Barack Obama calls for `strong` climate deal in Paris
US President Barack Obama on Sunday urged world leaders to step up efforts for a "strong" climate agreement at year-end talks in Paris.
"In just two months, the world must unite around a strong global agreement," Obama said in an address to a United Nations development summit.
"All our countries will be affected by a changing climate, but the world`s poorest people will bear the heaviest burden -- rising seas, more intense droughts," Obama said.
"We`ll be seeing climate change refugees," he said.
The UN-led conference in Paris aims to seal a wide-ranging agreement to limit the worst effects of climate change.

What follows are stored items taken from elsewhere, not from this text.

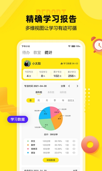 2、习惯养成,借助计时学习功能可以帮助用户提高自制力坚持自主学习;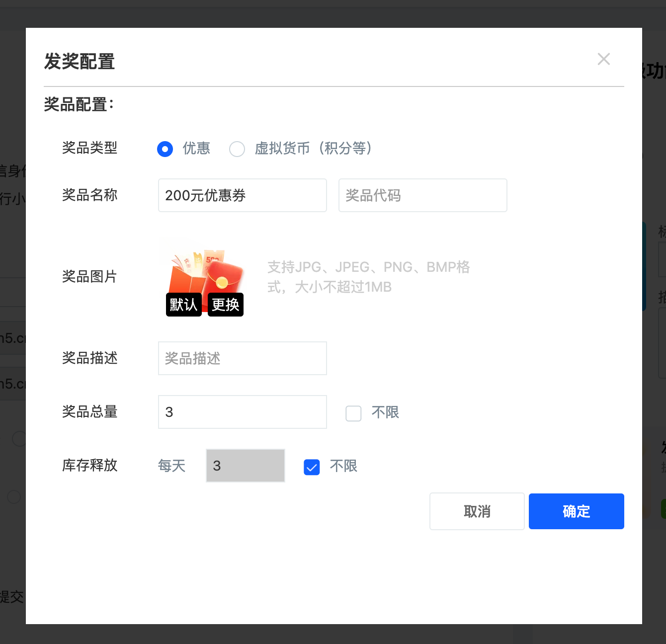 在表单提交后增加发奖配置,企业用户可以给访客自主配置提交后自动下发优惠券还是虚拟货币(积分等),简单便捷实现营销目标。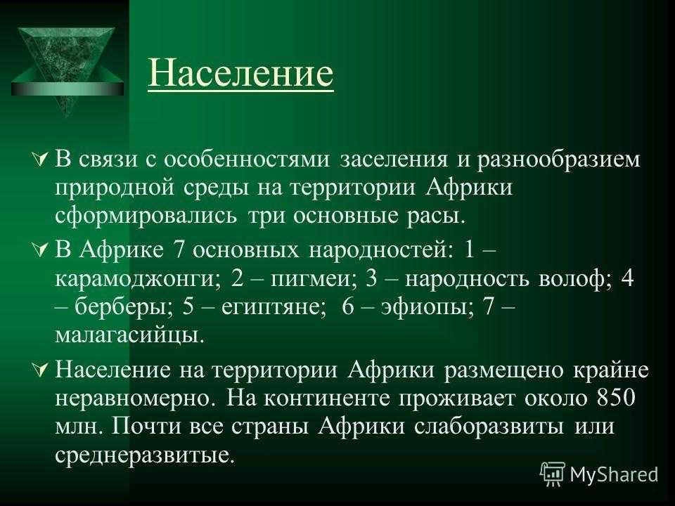 Население В связи с особенностями заселения и разнообразием природной среды на территории Африки сформировались три основные расы. В Африке 7 основных народностей: 1 – карамоджонги; 2 – пигмеи; 3 – народность волоф; 4 – берберы; 5 – египтяне; 6 – эфиопы; 7 – малагасийцы. Население на территории Африки размещено крайне неравномерно. На континенте проживает около 850 млн. Почти все страны Африки слаборазвиты или среднеразвитые.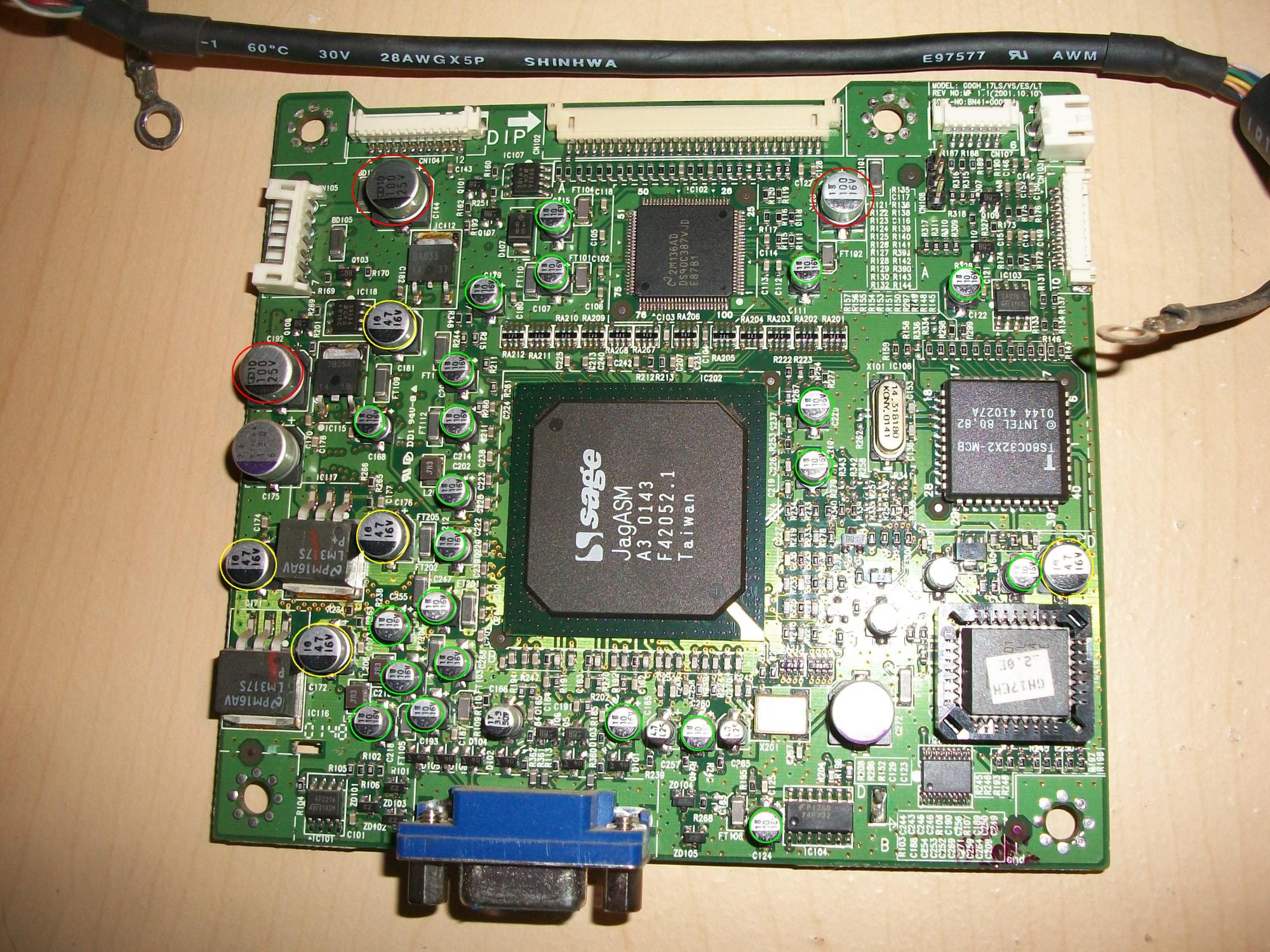 The 25V 100uF look like they have the UCC Logo with a dot in the middle. Some of the other ones look like they have the Fujitsu logo, but I can't be sure...

Obama, addressing a summit on development, said that anti-poverty goals would be at risk without action on climate.
"We need to establish the tools and financing to help developing nations embrace clean energy, adapt to climate change and ensure that there is not a false choice between economic development and the best practices that can save our planet," he said.
He cited Pope Francis, who has won a warm reception on a visit to the United States and has heartened Obama by taking up the cause of climate change.
"As His Holiness Pope Francis has rightly implored the world: this is a moral calling," Obama said.
French President Francois Hollande, the host of the talks, said Sunday that more work needs to be done to reach a serious agreement.
Obama faces strong domestic opposition, with much of the rival Republican Party supportive of the fossil fuel industry.